▶ **REQUIRED ACTION**
Your output must be the lines below from the line containing "Belting out Space" to the line containing "Wilhelm Kåge for", both lines included, reproduced exactly and without pictures.

▶ **LISTED ENTRIES**
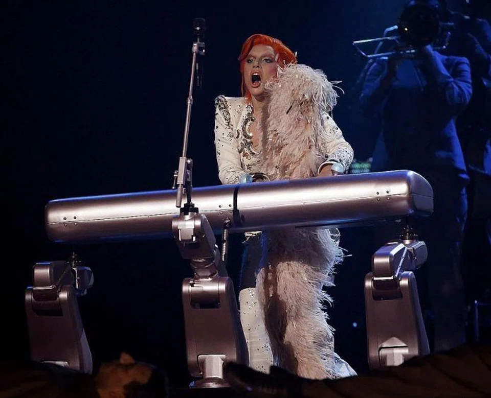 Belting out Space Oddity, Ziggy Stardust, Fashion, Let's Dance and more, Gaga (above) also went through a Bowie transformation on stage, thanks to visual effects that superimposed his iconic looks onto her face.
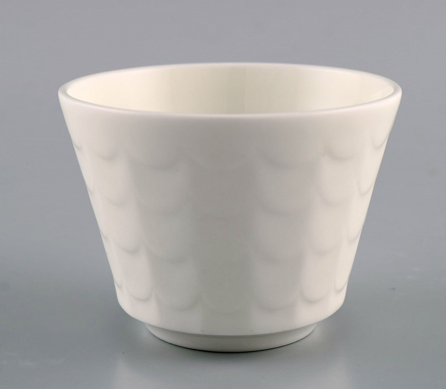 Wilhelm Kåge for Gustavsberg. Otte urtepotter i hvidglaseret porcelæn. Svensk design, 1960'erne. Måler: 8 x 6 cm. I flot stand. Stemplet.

* * *

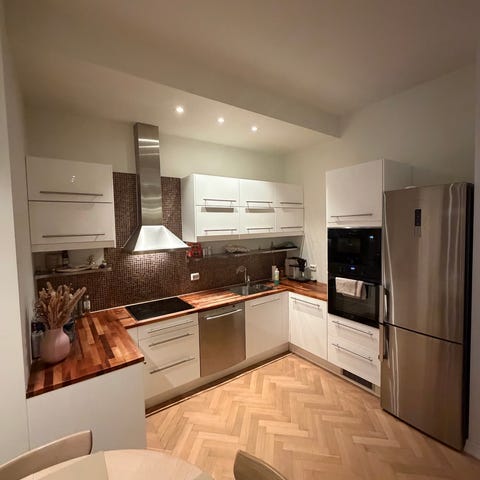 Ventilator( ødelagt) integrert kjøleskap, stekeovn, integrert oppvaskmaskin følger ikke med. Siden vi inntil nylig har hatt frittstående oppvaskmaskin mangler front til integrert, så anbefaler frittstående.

▶ **RESPONSE TO THE EXERCISE**
 Belting out Space Oddity, Ziggy Stardust, Fashion, Let's Dance and more, Gaga (above) also went through a Bowie transformation on stage, thanks to visual effects that superimposed his iconic looks onto her face.
 Wilhelm Kåge for Gustavsberg. Otte urtepotter i hvidglaseret porcelæn. Svensk design, 1960'erne. Måler: 8 x 6 cm. I flot stand. Stemplet.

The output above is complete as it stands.